* [Activity]
Print the listing below only from the line that has "2024 new summer" through the line that has "родных и друзей!", exactly, and drop any picture.

* [Supplied data]
+-------+

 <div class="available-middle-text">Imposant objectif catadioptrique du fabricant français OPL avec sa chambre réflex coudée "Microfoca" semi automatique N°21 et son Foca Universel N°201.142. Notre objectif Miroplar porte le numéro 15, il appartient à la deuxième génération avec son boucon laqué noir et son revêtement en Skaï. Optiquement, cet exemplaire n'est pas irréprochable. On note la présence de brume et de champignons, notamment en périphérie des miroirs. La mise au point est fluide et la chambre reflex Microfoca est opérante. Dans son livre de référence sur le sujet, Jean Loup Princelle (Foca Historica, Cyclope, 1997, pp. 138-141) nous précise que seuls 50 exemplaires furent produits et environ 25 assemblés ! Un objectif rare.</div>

+-------+

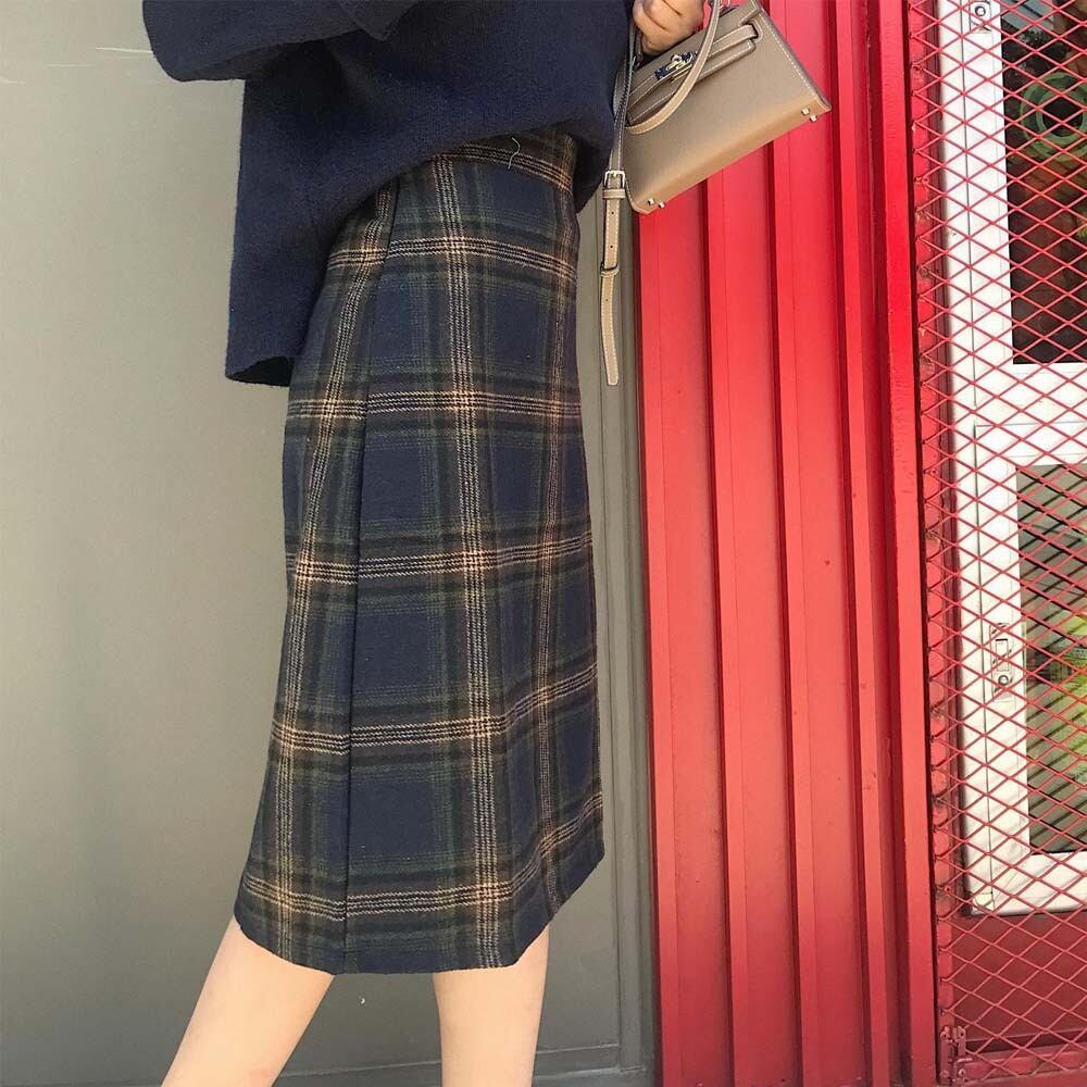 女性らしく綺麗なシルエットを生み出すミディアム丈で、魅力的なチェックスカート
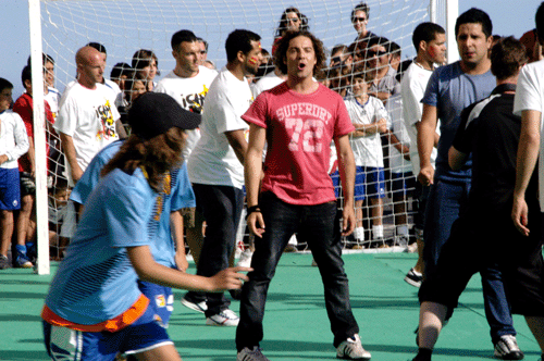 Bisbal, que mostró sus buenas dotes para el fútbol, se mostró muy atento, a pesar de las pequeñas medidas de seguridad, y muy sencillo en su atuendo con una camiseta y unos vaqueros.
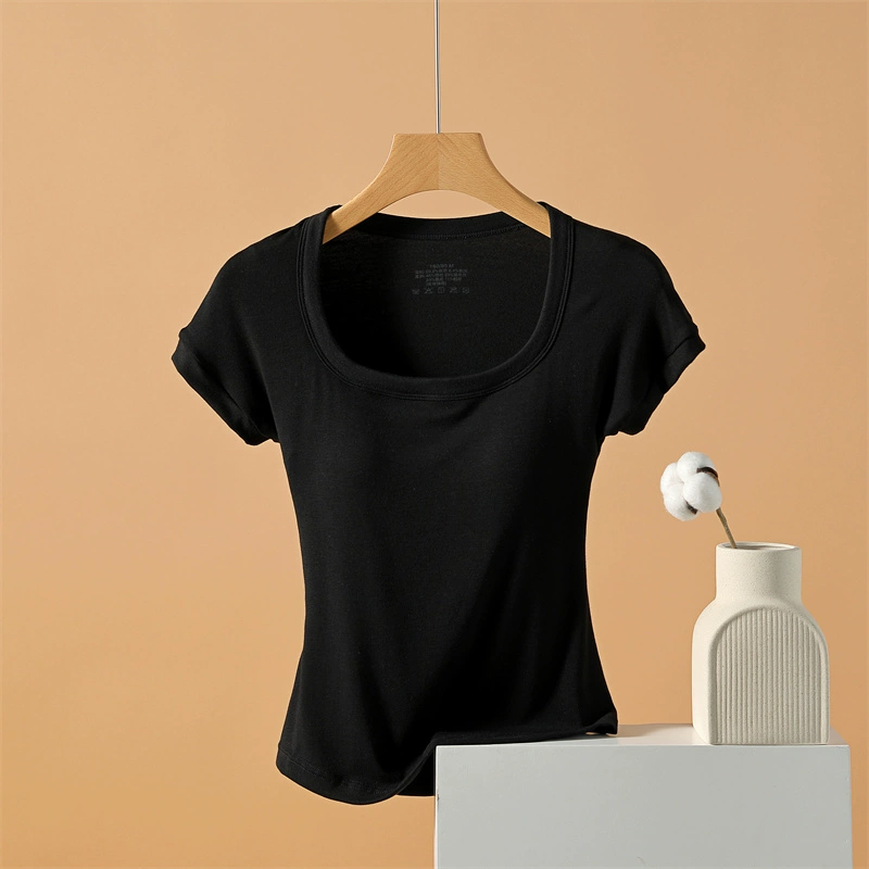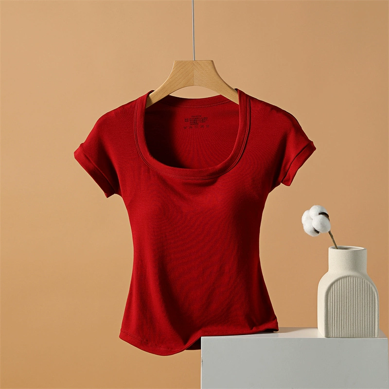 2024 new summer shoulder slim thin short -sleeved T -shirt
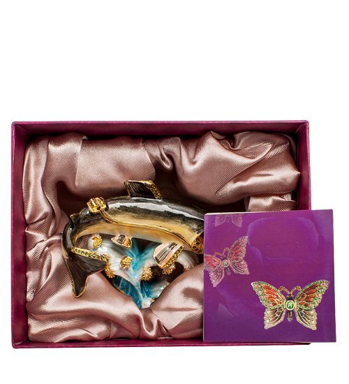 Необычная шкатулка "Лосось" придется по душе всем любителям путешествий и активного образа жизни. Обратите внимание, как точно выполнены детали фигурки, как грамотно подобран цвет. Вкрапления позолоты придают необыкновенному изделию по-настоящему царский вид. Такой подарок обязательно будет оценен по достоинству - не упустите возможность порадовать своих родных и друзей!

+-------+

* [Solution to the exercise]
 2024 new summer shoulder slim thin short -sleeved T -shirt
 Необычная шкатулка "Лосось" придется по душе всем любителям путешествий и активного образа жизни. Обратите внимание, как точно выполнены детали фигурки, как грамотно подобран цвет. Вкрапления позолоты придают необыкновенному изделию по-настоящему царский вид. Такой подарок обязательно будет оценен по достоинству - не упустите возможность порадовать своих родных и друзей!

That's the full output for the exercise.